ACTIVITY: Copy out the full listing below as it stands, with its pictures left behind.

DATA BLOCK:
+--
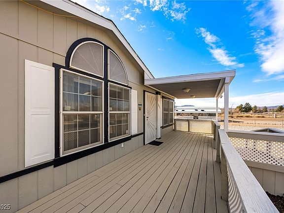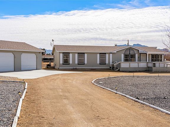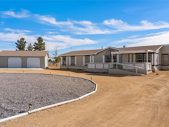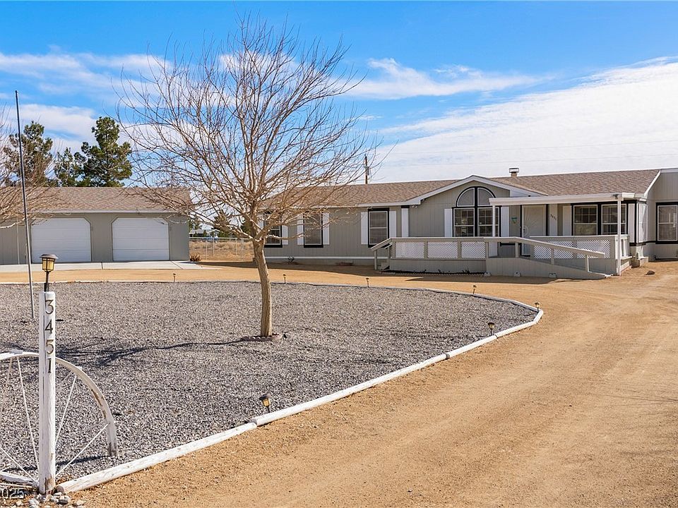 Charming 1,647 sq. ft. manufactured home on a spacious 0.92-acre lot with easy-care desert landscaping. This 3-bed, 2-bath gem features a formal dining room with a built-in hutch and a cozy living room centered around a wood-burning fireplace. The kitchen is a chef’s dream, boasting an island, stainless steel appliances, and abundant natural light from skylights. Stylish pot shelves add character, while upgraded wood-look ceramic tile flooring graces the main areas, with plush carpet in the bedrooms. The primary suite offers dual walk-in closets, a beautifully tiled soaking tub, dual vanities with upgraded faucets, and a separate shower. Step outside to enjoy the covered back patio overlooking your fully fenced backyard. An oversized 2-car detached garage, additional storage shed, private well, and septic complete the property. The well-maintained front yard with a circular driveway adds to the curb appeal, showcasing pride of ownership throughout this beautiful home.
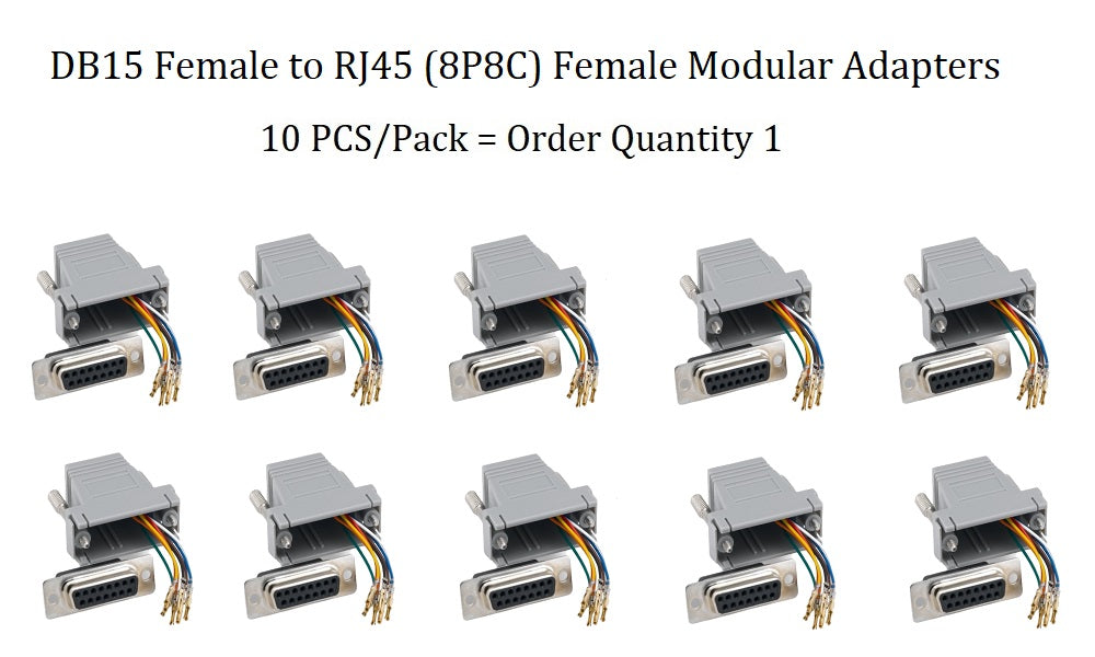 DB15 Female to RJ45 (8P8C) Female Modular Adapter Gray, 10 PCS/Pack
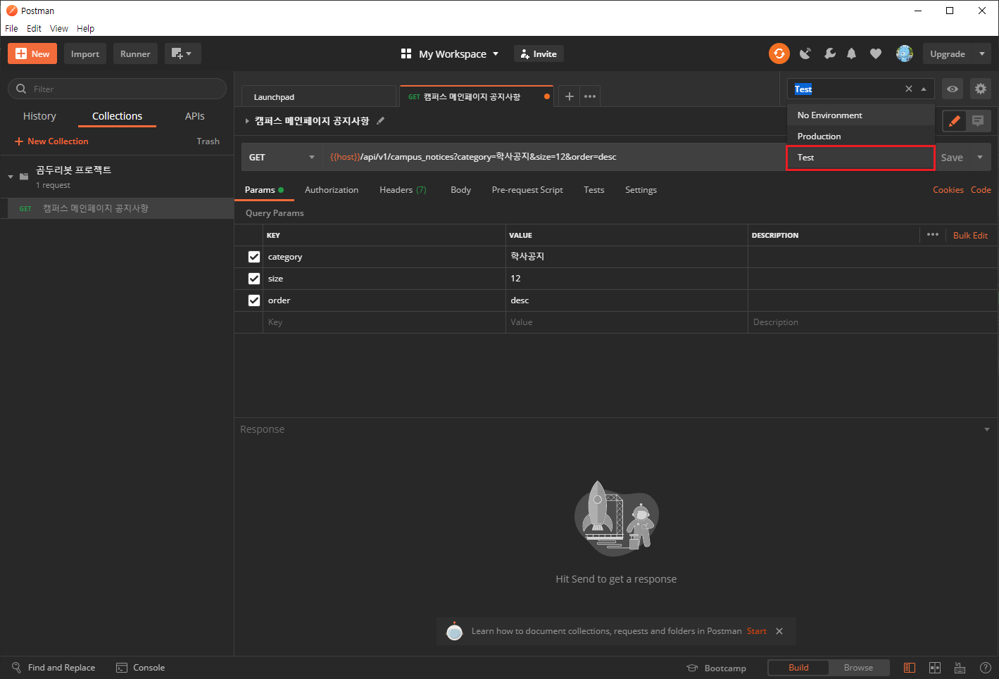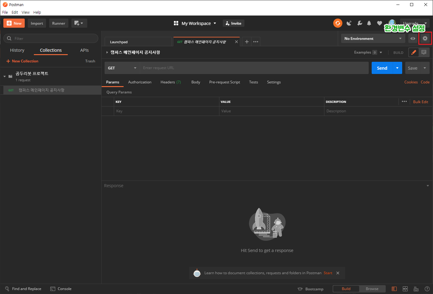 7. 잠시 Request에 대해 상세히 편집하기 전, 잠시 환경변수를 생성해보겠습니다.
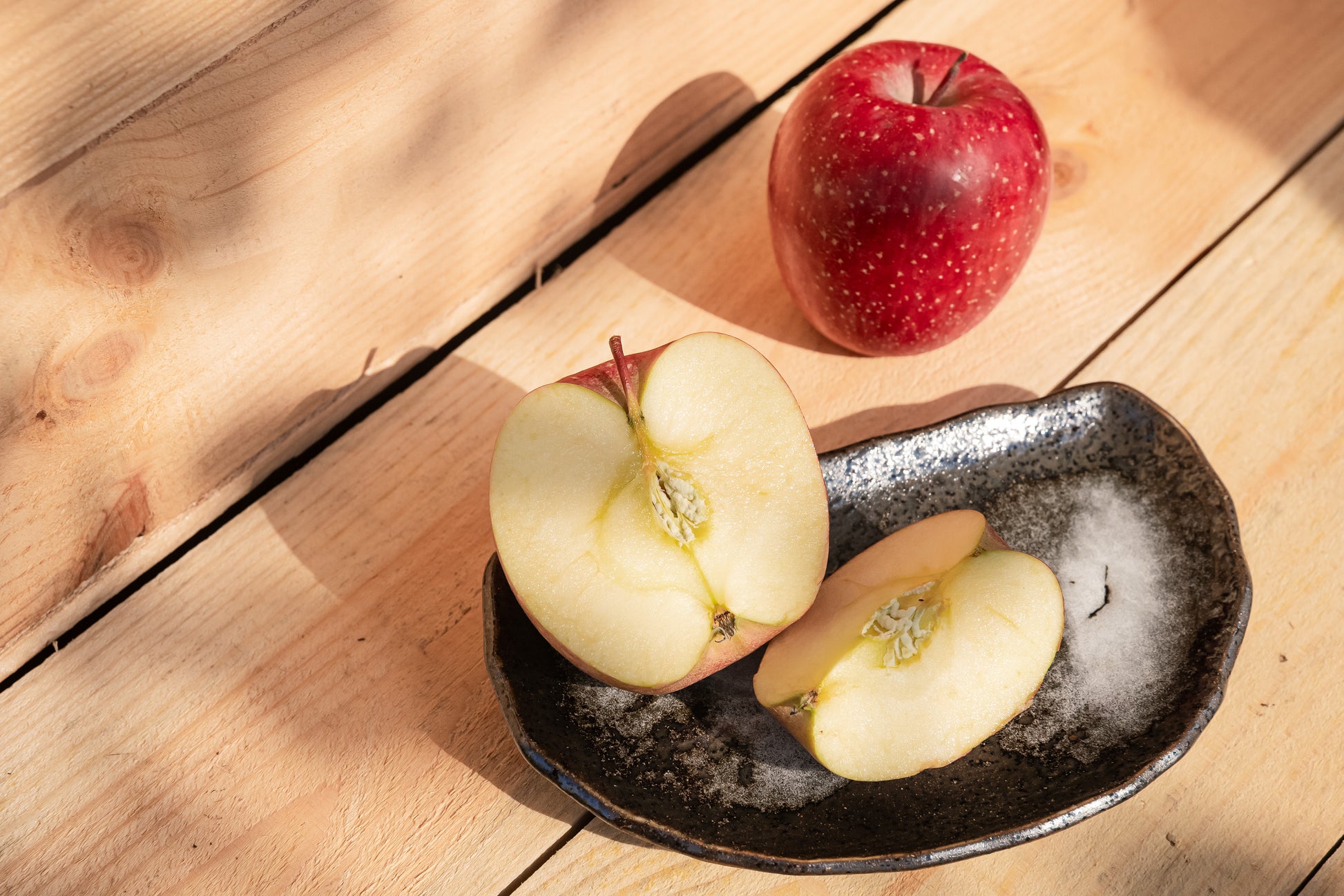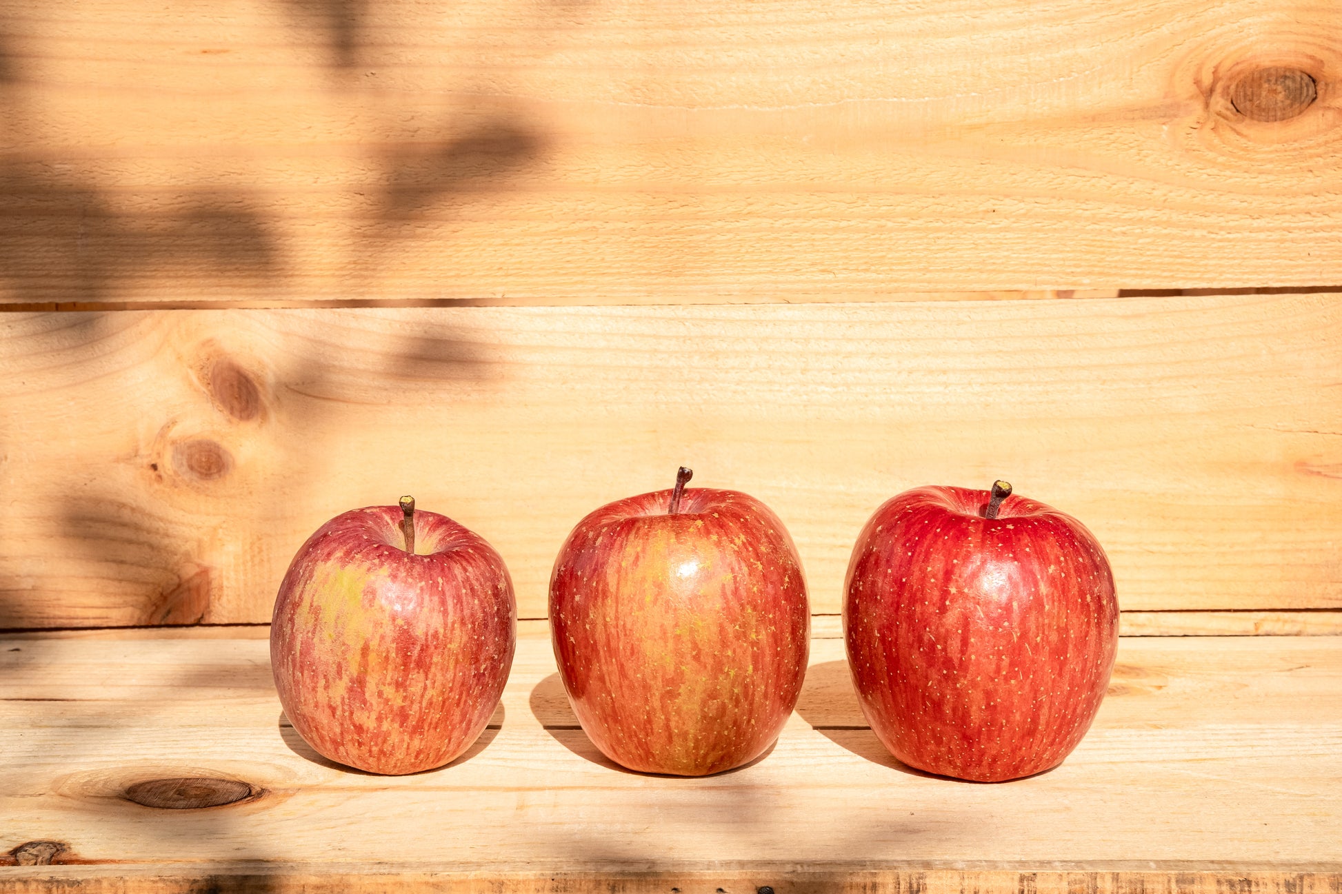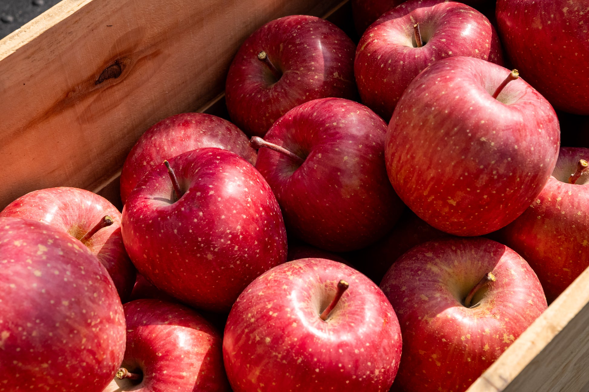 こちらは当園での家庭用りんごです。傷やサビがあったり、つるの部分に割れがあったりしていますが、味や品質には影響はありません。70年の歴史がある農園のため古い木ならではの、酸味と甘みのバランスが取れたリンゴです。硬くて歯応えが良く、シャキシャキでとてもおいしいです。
+--
EXPECTED OUTPUT:
 Charming 1,647 sq. ft. manufactured home on a spacious 0.92-acre lot with easy-care desert landscaping. This 3-bed, 2-bath gem features a formal dining room with a built-in hutch and a cozy living room centered around a wood-burning fireplace. The kitchen is a chef’s dream, boasting an island, stainless steel appliances, and abundant natural light from skylights. Stylish pot shelves add character, while upgraded wood-look ceramic tile flooring graces the main areas, with plush carpet in the bedrooms. The primary suite offers dual walk-in closets, a beautifully tiled soaking tub, dual vanities with upgraded faucets, and a separate shower. Step outside to enjoy the covered back patio overlooking your fully fenced backyard. An oversized 2-car detached garage, additional storage shed, private well, and septic complete the property. The well-maintained front yard with a circular driveway adds to the curb appeal, showcasing pride of ownership throughout this beautiful home.
 DB15 Female to RJ45 (8P8C) Female Modular Adapter Gray, 10 PCS/Pack
 7. 잠시 Request에 대해 상세히 편집하기 전, 잠시 환경변수를 생성해보겠습니다.
 こちらは当園での家庭用りんごです。傷やサビがあったり、つるの部分に割れがあったりしていますが、味や品質には影響はありません。70年の歴史がある農園のため古い木ならではの、酸味と甘みのバランスが取れたリンゴです。硬くて歯応えが良く、シャキシャキでとてもおいしいです。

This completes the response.